Figure 3 (Appendix) presents ADEV for each of the three different reference clock solutions of all satellites that fulfil the condition described in the previous paragraph. Selected values are presented in Table 2. As expected, all three reference clock solutions show a different behaviour. For a ZIM2 station (internal clock), satellite clock stability varies between 2.96E-11 s (for τ = 1 s) and 1.16E-12 s (τ = 1024 s). In case of a GOP6 (caesium clock), clock stability varies between 2.09E-11 s (τ = 1 s) and 1.51E-13 s (τ = 1024 s). The most stable was WTZR clock (h-maser clock) with stability from 1.97E-11 s (τ = 1 s) to 5.87E-14 s (τ = 1024 s)

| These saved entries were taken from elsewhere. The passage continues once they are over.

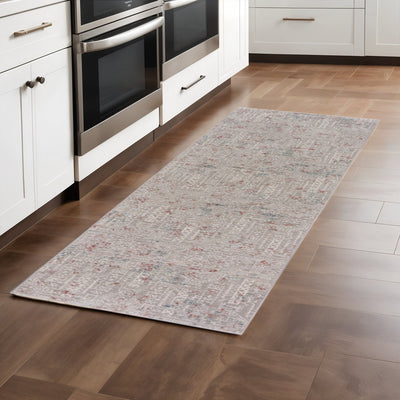 Home Outfitters 4' X 6' Pink and Blue Abstract Hand Woven Distressed Area Rug
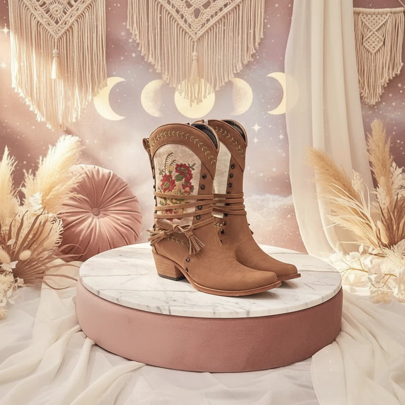Vintage Floral Embroidered Western Cowgirl Boots  -
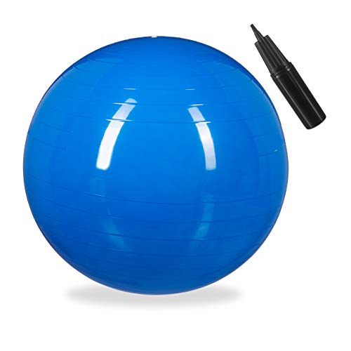 Relaxdays Gymnastikboll, fitnessboll yoga och pilates, sittboll kontor, balansboll inklusive luftpump, Ø 65 cm, blå

Each analysed case shows that for τ = 1 s, the least stable is G16 satellite clock with instability at 2-3E-11 s level. The ADEV curves for ZIM2 and GOP6 stations are very similar; there are no deviations between each satellite instead of the event explained at the beginning of the paragraph. In the case of the most stable resolution based on WTZR reference clock, G26 and G27 satellite clocks have a clearly visible better ADEV results for τ > 8 s values (Table 3). There is no connection between these pairs of satellites based on the values placed in Table 1—different planes, block and frequency standard.

Table 3 Allan deviation of selected intervals

Conclusions

The author presents the stability of satellite clocks based on different reference clock types. 1-Hz GNSS data in 2-h observation interval is analysed using three different reference clocks: internal, caesium and h-maser oscillators. Reference clock stability is analysed in a 2-week period on the basis of 30-s IGS products that show that the h-maser clock stability is better by one order of magnitude than the internal clock and by half of one order of magnitude than the caesium one. The clock parameters are estimated epoch by epoch using a back-substitution steps method described in the text. Research shows a close correlation between the reference clock and the estimated clock stability. Internal oscillator shows close to 1E-12-s stability, caesium one 1.5E-13 s and h-maser 6E-13 s. Studies also show no connection between launch date of satellite, block type or frequency standard and satellite clock stability. These results should be incorporated into future satellite clock determination elaborations for short-term analyses with high interval observations.